SS: Jazz is about being joyful in spite of conditions, and about rhythm. Rhythm is a way of splitting up and organizing time. Part of the form in the book is the phrase “Today in the taxi” (or some variation of that depending on the time of day), so the cumulative effect is that of a kind of endless recurring series of trips that have a constant element and a variable element. The quick turns of the poems are like those of the car, and those surprises come from my interest in the freedom of jazz.

RMF: This condensed chronicle of so many years comes to us as readers as a liminal space, a timelessness shaped by continual transitions, yet that rhythmic repeated line, “Today in the taxi,” also grounds us in each particular dateless and hourless present. Was there a daily record that the book emerged from?

Anything can and does happen in New York City, and the car is a little version of that.

SS: Yes. I kept a notebook in the car and while I was driving I was able to remember every trip I took. Over 8,000+ trips, I could remember each person, where I picked them up and where they were going. The constancy of that line reiterates the sameness of every trip, and allows the driver to be like Charon, a cosmic ferryman, whose boat carried the souls of the dead across the river of death.

Each of the trips is a transition into a passenger’s little world; the driver is present, but ultimately an outside observer. The odd anonymous intimacy also means the driver’s inner monolog and what he’s reading and hearing can permeate his entry into those little worlds. 

RMF: Is there a story from your taxi experiences that never effectively made it into a poem, but you wish had?

SS: Once this drunk man came up to the car and said “I need a taxi.” I said: “I’m waiting for another passenger.” He said, immediately enraged: “Who?
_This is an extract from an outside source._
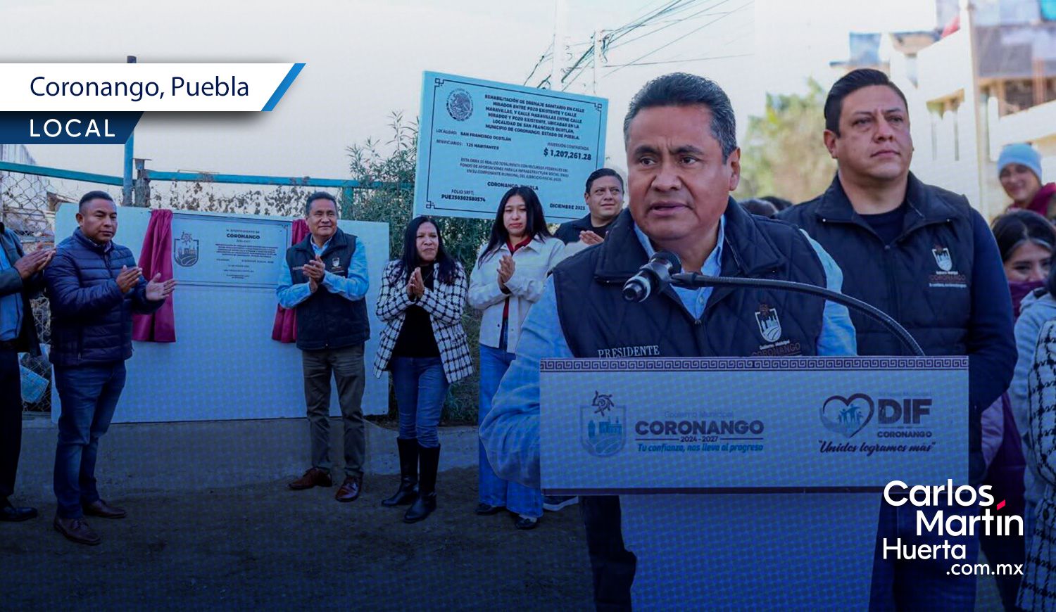 El presidente municipal de Coronango, Armando Aguirre Amaro, encabezó la entrega oficial de la rehabilitación del drenaje sanitario en la junta auxiliar de San Francisco Ocotlán.

Who the fuck are you waiting for?” I told him Alexandra because a young woman had called and asked me to wait in a particular place.

Then I was thinking he was drunk and would leave, but he got into the car. So, I said again: “I can’t take you. I’m waiting for another passenger.” He screamed: “I’m Alexandra’s fucking father! Don’t, don’t fucking tell me you’re waiting for another person! You’re going to Berkeley Heights, New Jersey!” 

That kind of abuse was common. There were other times when women tried to flirt, pick me up, or invite me up somewhere.

A third moment happened on New Year’s Eve when I was hijacked by a guy who demanded I take him to Coney Island. He told me to stop somewhere on Surf Avenue so he could pee at a construction site and I drove away and left him there. 

Anything can and does happen in New York City, and the car is a little version of that.